It was to Bidwell at this time that Hugh McVey had come in 1889, at the age of twenty-three, in search of the most mundane manifestation of fulfillment: a job as telegrapher and agent at the Wheeling and Lake Erie station at Pickleville, a mile north of town. Behind him McVey left the early nineteenth century past: the sleepy Mississippi River town of Mudcat Landing, Missouri, and the primitive frontier roots of Mark Twain and Huckleberry Finn, of Thomas Lincoln, of those who pursued their happiness in the territories, of those who, in Anderson's words in Winesburg, Ohio, sought their fulfillment in an environment characterized by an “old brutal ignorance that had in it also a kind of beautiful childlike innocence.”

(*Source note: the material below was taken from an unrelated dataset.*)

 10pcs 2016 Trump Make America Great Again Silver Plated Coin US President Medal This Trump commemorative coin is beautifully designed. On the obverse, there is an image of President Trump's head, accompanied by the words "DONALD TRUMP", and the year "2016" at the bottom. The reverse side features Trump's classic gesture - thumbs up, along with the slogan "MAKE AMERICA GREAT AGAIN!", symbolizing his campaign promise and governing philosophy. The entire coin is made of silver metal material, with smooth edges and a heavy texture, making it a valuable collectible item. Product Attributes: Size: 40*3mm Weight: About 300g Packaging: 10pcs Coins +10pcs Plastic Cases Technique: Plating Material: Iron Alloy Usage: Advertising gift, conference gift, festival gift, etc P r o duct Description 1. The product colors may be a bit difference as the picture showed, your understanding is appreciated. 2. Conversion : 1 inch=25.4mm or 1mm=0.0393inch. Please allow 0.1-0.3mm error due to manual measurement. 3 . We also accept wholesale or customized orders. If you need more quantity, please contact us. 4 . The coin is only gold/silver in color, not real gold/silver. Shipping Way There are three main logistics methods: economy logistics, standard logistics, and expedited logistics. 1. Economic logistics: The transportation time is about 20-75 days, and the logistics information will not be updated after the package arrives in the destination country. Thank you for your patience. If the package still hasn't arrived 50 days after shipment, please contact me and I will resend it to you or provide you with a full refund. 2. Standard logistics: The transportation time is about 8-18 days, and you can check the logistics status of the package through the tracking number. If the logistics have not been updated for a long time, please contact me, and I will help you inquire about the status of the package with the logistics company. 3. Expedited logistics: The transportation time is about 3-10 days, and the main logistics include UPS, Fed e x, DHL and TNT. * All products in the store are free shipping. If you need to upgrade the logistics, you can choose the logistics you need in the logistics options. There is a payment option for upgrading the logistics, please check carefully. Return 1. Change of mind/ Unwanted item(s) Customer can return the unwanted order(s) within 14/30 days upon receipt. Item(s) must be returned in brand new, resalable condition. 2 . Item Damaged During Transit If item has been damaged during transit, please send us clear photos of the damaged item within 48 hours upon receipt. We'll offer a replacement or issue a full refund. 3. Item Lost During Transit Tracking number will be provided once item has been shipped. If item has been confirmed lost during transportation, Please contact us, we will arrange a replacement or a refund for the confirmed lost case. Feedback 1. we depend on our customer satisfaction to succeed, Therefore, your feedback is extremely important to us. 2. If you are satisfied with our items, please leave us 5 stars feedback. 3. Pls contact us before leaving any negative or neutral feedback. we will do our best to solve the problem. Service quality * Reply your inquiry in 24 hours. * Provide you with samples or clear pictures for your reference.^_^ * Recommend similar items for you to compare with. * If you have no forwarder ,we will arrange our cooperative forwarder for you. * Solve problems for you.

But McVey, like Abraham Lincoln two generations earlier, becomes a townsman, and in so doing, becomes, again like Lincoln, a catalyst that unwittingly brings about a new American reality. Whereas Lincoln, however, had sought order and justice through law, a decision consciously arrived at, McVey fell under the influence of those who were to transform the Jeffersonian agrarian democracy into a Hamiltonian economic oligarchy. In turn, after having fallen under that influence, essentially the sense of guilt and of fear that had come across the mountains from New England to the Old Northwest, McVey became a tinkerer and a catalyst in the tradition of Edison and Henry Ford, and like them, he was to reshape the lives of the people in the town and beyond.

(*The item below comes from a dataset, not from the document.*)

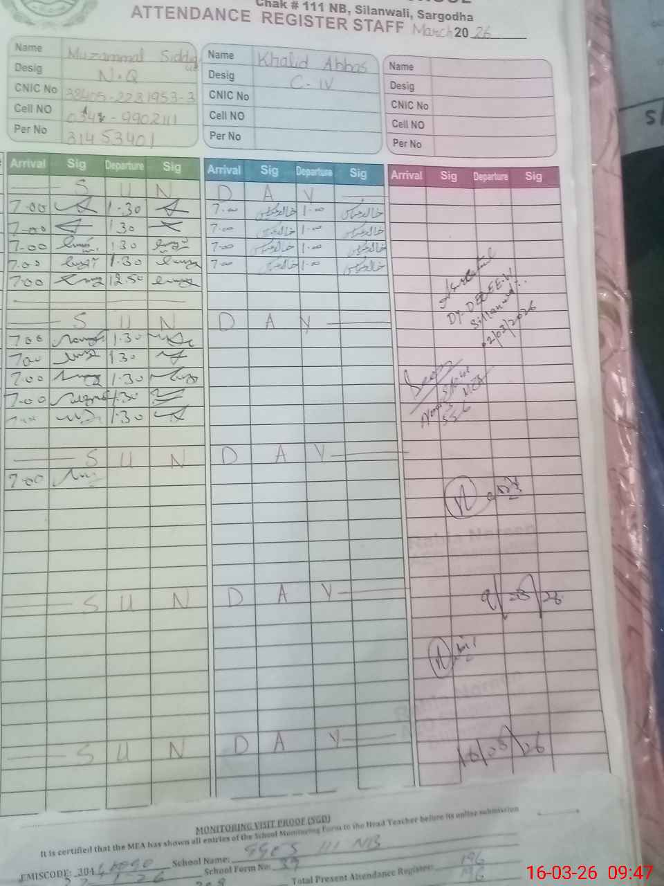 | Name: Sy**** AFI**** SH**** Designation: (School Headmaster's/Headmistress's) SST (Arts) Phone/Cell Number: 03**** |

The impact of New England morality on McVey and through him on generations of Midwesterners is personified in Sarah Shepard, the first of the grotesques become myth, the motherly woman become the image of the New England conscience brooding over the Ohio countryside. When Sarah, the New England-born wife of Henry Shepard, the stationmaster, took over the direction of Hugh's life at fourteen, much as the Widow Douglas had attempted to take over Huckleberry Finn's, to “sivilize” him through imposition of the Puritan virtues of hard work, thrift, sobriety, and guilt that would bring success, Sarah herself takes on mythic proportions as the force who, single-handedly, will transform the brutal ignorance of the Old Western frontier to the orderly countryside of the new Midwest. To Sarah it was no less than her duty: “When a job has to be done,” she tells Hugh, “there's no use putting it off. It's going to be hard work to make an educated man of you, but it has to be done.” To her, idleness—which she called laziness—was evil, to be destroyed in the spirit, and her words rang in her head for the rest of his life:
“It's a sin to be so dreamy and worthless.”
Like Edison, born on the bank of Ohio's Huron River, Hugh becomes a telegrapher, and his riverbank dreaminess is transformed to a practical imagination useful to the new age. As a telegrapher, as a tinkerer, he came to Bidwell, on Ohio's rich agricultural lake plain as, Anderson notes, the time of waiting was coming to and end, and the town, the region, and the nation had determined the course of the future:
New talk ran through the town. A new force that was being born into American life … was feeding on the old dying individual life. … It was meant to seal men together, to wipe out national lines, to walk under seas and fly through the air. …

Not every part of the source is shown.